Podcasts by Apple app review

Ian Douglas finds Apple's own podcasts app sorely lacking.

Apple podcast app
The reel-to-reel tape effect in Apple's podcast app

Podcasts are the great unfulfilled hope of online audio and video. Simply and silently, your favourite programmes will download themselves to your computer to be watched there or synced to your mobile viewer for watching later.

It’s a great idea, but has been rather overtaken by streaming audio and video, especially for the big broadcasters. Adverts are difficult to track when they’re embedded in a downloaded file and experiments with paid-for content have not really taken off in a significant way.

The greatest moment of expectation for the new medium was their inclusion in iTunes for Mac and PC, removing the need for a separate downloader and player. Now, as iTunes creaks and crashes under the increasing level of bloat that Apple are crowding onto it, iOS is splitting different forms of media up so they can be played using different apps.

Books and video have had their own apps for a long time but now, with the launch of Apple’s own podcast app - a standalone centre for finding, downloading, storing and playing downloadable and streaming episodic content - there is a split between two types of audio.

Apple appears to be trying to persuade its customers to store their music in the cloud, paying for the company’s online storage, rather than locally on their devices. iPods are getting smaller and the PR talk is of iCloud, not capacity. So keen podcast listeners might have been forgiven for thinking that this app is a shift from iTunes-based downloading and syncing to a cloud-based approach where new episodes would seek them out and appear wherever they are, filling their pockets with new programmes even more easily than before.

Well, yes. And no. More no than yes.

It starts well, transferring your subscriptions from the music player to the podcasts app automatically, and downloading the latest episodes without pausing to ask. Unfortunately the default view is a tiled affair with a large picture for each podcast, so only four are visible at any one time. Switching to the list view (which allows you to see the total number of episodes as well as the tile view’s unplayed number) is simple enough but results in a pause so long I was convinced that the app had crashed. No scrolling was possible, nothing could be selected, the whole phone froze for more than five seconds. This happened every time I started the app.

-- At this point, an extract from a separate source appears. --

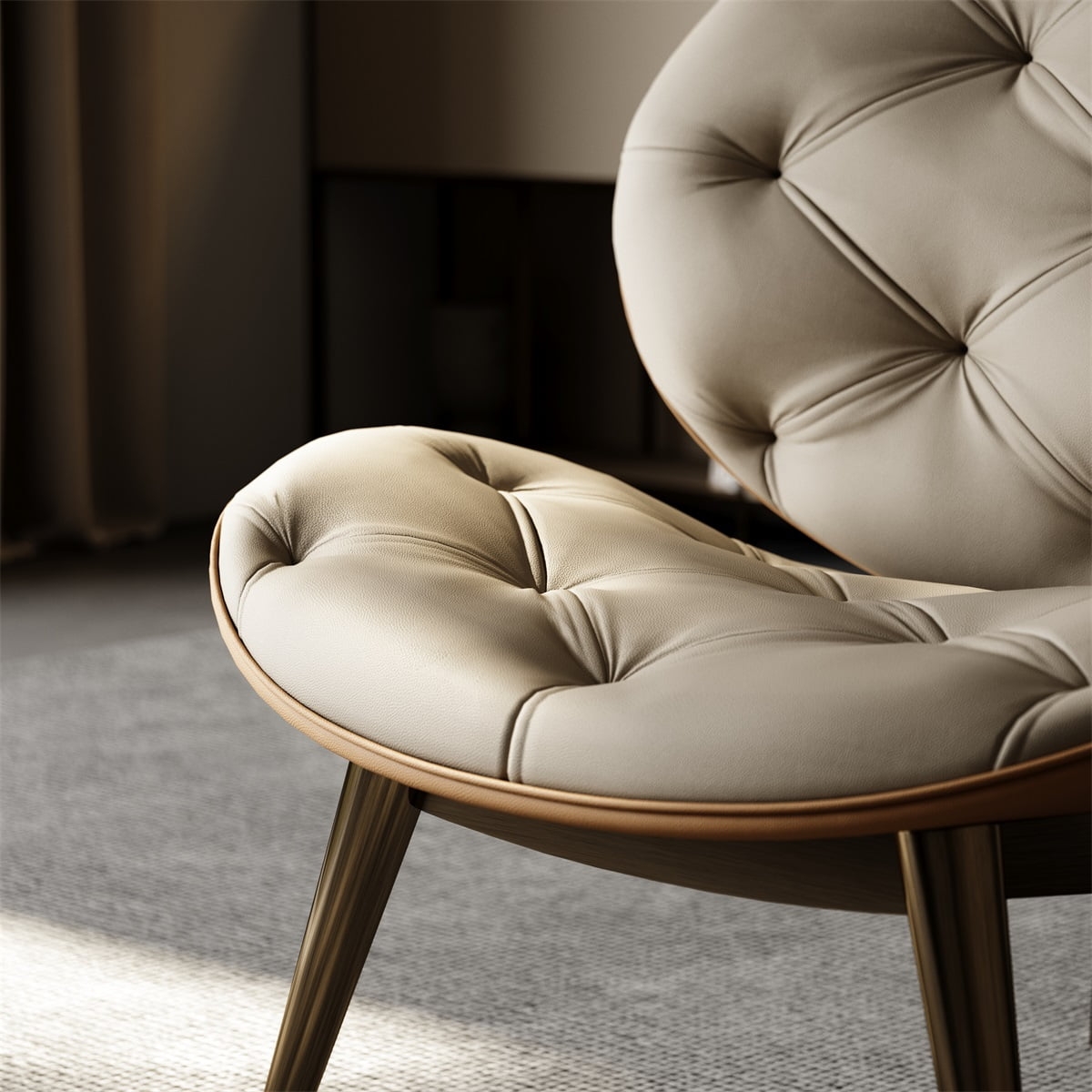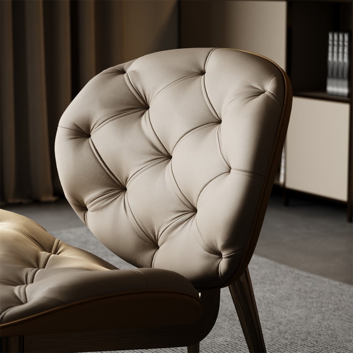 The chair body is made of beige genuine leather with exquisite diamond-shaped stitching on the surface, and the touch is delicate and luxurious; the solid wood footrest has a warm color and natural texture. The combination of the two injects an elegant and calm atmosphere into the space, suitable for a variety of scenes such as leisure and relaxation, reading and tea tasting.

Tapping through to a podcast once the pause is over reveals a small picture, a couple of lines of description then one line of title per episode followed by an ellipsis if the title is too long. The title is almost always too long.

Episodes are played latest first by default, so unless you go into the settings and reverse the order you’ll end up listening to series in reverse. You’ll have to go to the settings anyway to coax the app into downloading new episodes automatically rather than waiting for you to refresh them, and as often as not you’ll find that you have a title and a link to download it from iCloud rather than an actual sound file, which is great if you have wifi or 3G for streaming but no good at all in large sections of the countryside or on the tube.

It loses track of which episode have been played and which haven’t, so you never really know if you have something new to listen to, it crashes frequently and the ‘Top stations’ discovery mechanism is so in love with its graphic-led interface it doesn’t bother letting you know what the podcasts are about.

A common (usually unjustified) criticism of Apple is that they focus too much on the look of their products at the expense of quality engineering. This app, with its smooth animation of reel-to-reel tape and wonderfully realised translucent sliding cover working perfectly as the sound in the background judders, splutters and stops, is almost a parody of the company’s priorities. The development mockups might have been beautiful but it just doesn’t work.